#### WHAT THE EXERCISE ASKS:
The answer is the exact text of every line from the one that contains "Qiao Jie 소형" to the final line of the entries below, with pictures left out.

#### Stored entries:
*** Begin section ***

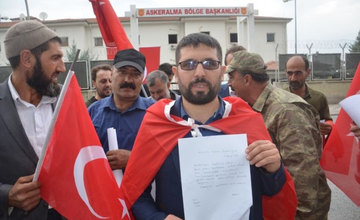 Gençler adına basın açıklaması yapan Fırat Soylu, "Bugün askerlik şubesinin önüne geldik. Türkiye’nin sınır güvenliğini sağlamak ve terör koridorunu temizlemek için terör örgütü PKK, YPG, PYD’ye yönelik başlatılan Barış Pınarı Harekatı’na katılmak için geldik. Devletimizin ve askerimizin yanındayız. Her Türk asker doğar. Devletimizin başlatmış olduğu Barış Pınarı Harekatı’na destek olmak için gönüllü olarak askere gitmek istiyorum" dedi.
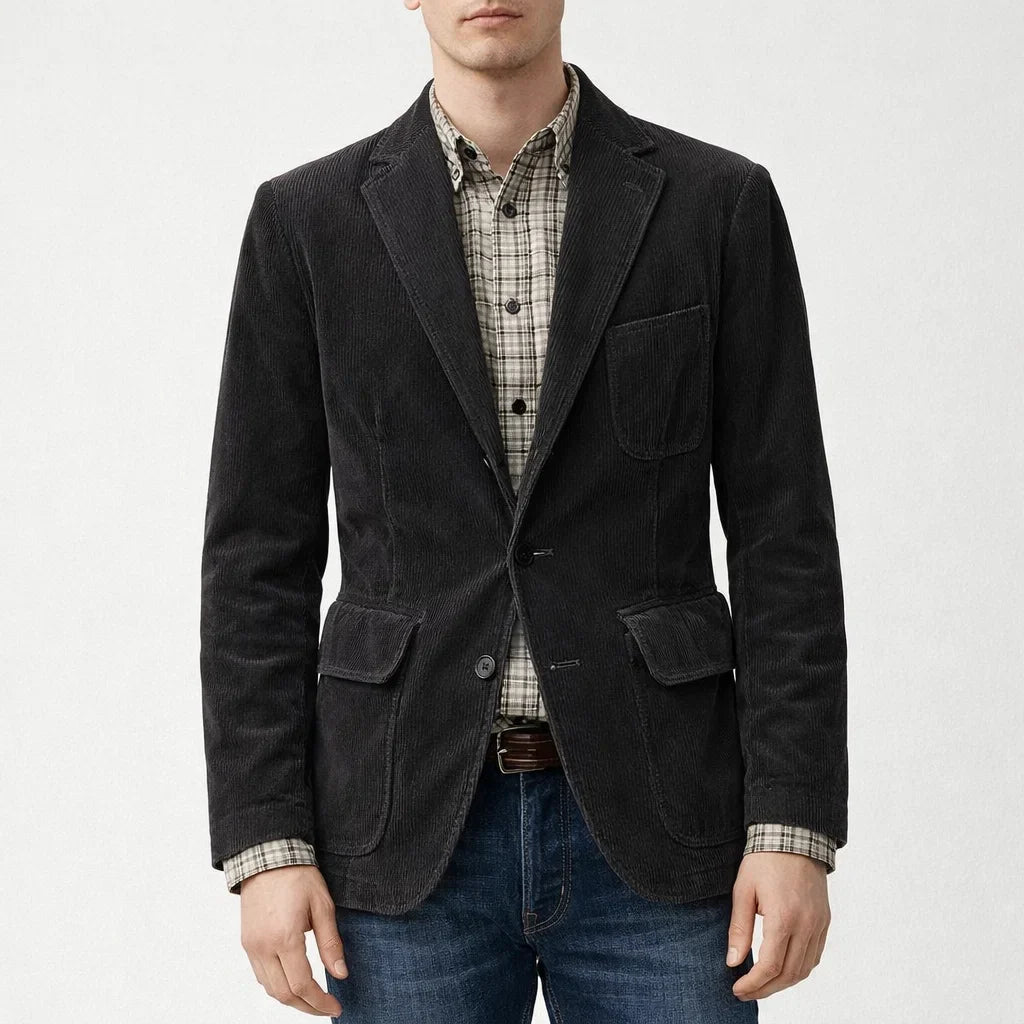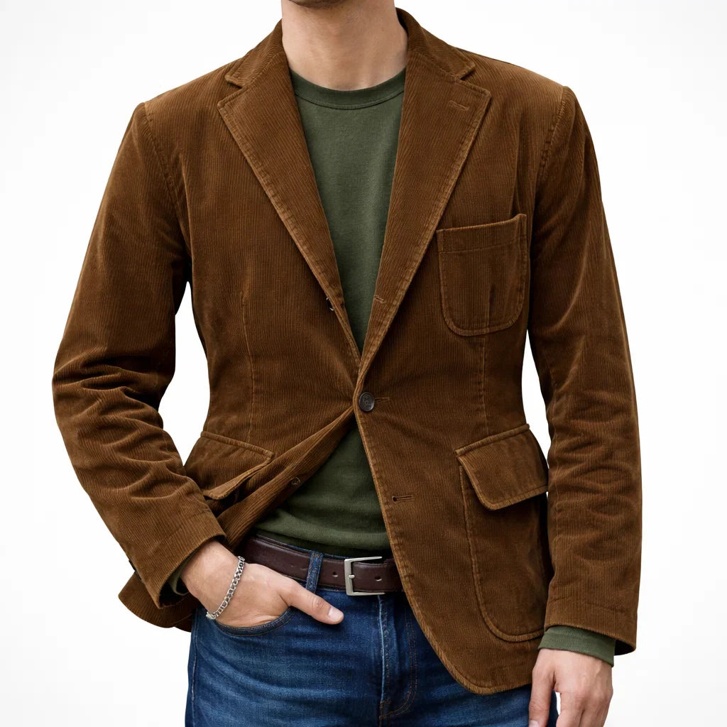 This cord blazer and matching vest set offers a relaxed fit that’s perfect for everyday wear.
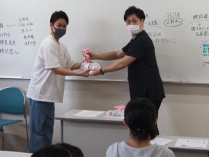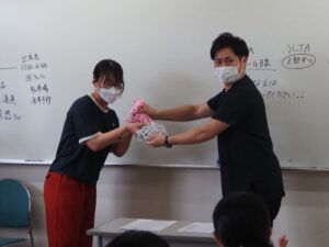 そして、奄美大島へ行く2人が代表で担任からネームを受け取りました。
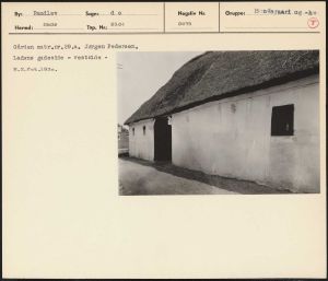 Maskingenkendt tekst fra arkivkort. Gården matr,nr.29,8. Jørgen Pedersen, Ladens gadeside - vestside - H.Z.fot 1930.
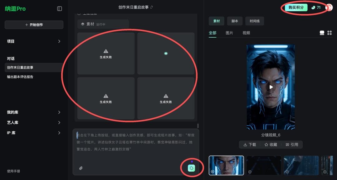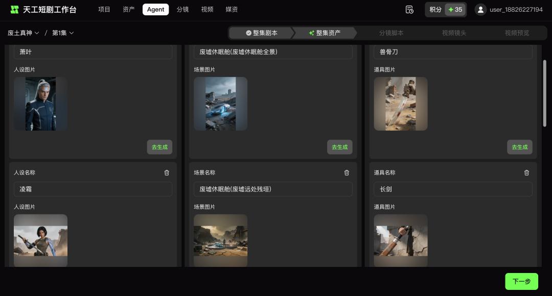但剩余积分已经不够我再次抽卡,只能算了。(用Agent做短剧大部分时候的感受都是,算了😓
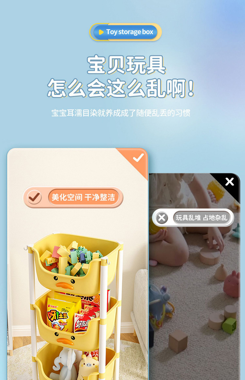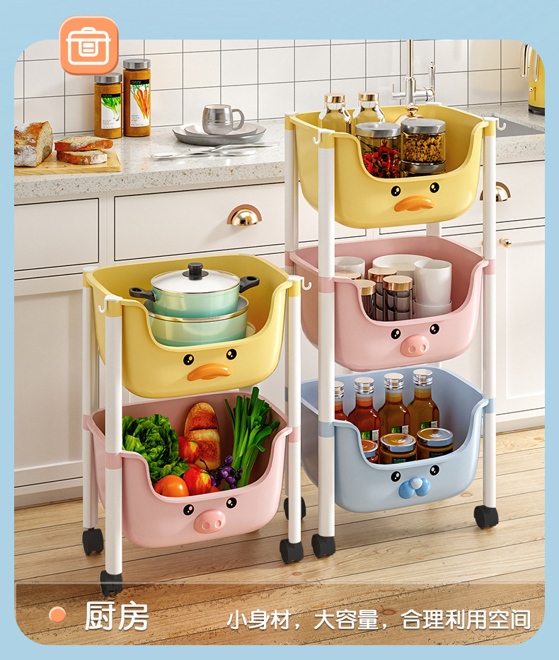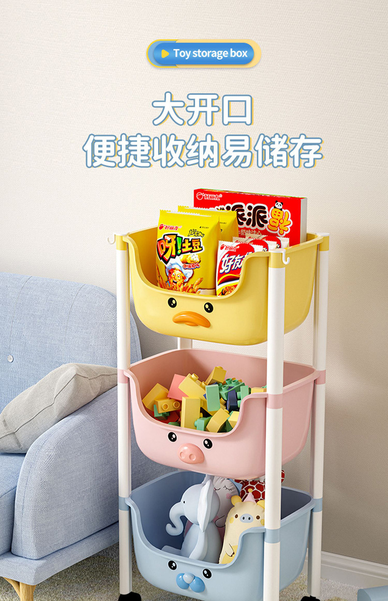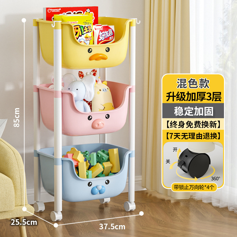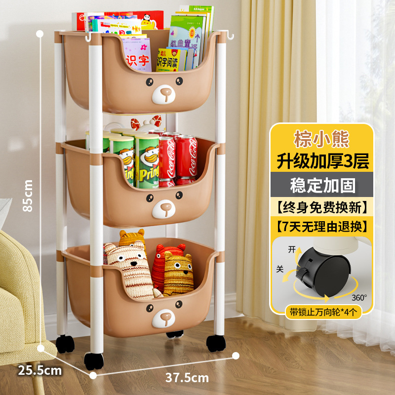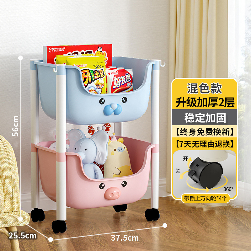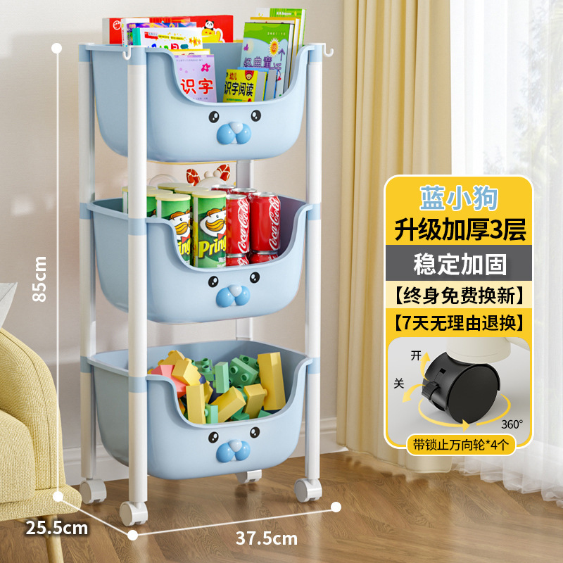 Qiao Jie 소형 트롤리 수납 선반, 어린이 장난감 보관함, 가정용 책꽂이, 그림책 선반, 이동식 다층 정리 선반
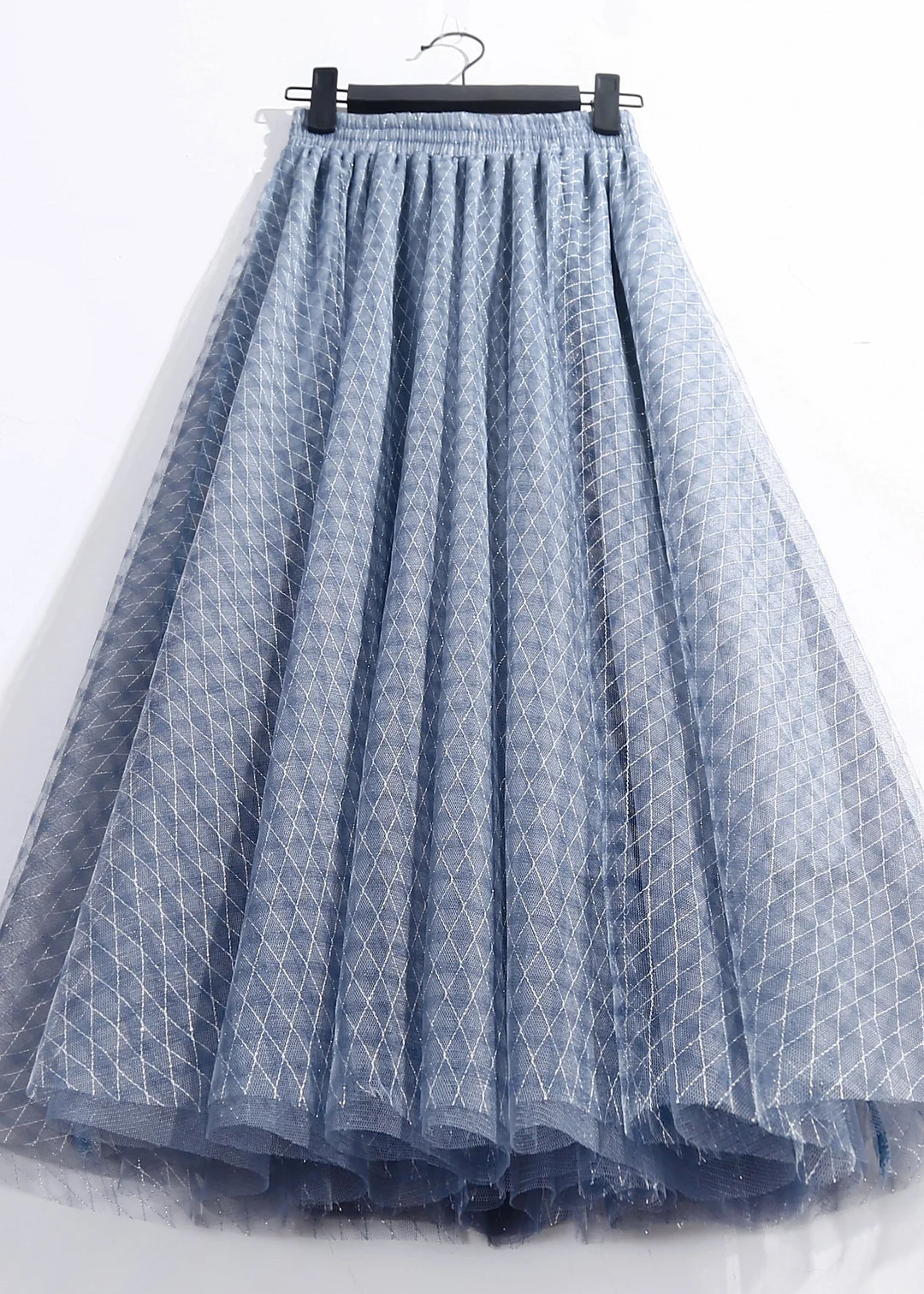 Elegant Blue Elastic Waist Plaid Tulle A Line Skirts Spring

*** End section ***

#### RESULT FOR THIS EXERCISE:
 Qiao Jie 소형 트롤리 수납 선반, 어린이 장난감 보관함, 가정용 책꽂이, 그림책 선반, 이동식 다층 정리 선반
 Elegant Blue Elastic Waist Plaid Tulle A Line Skirts Spring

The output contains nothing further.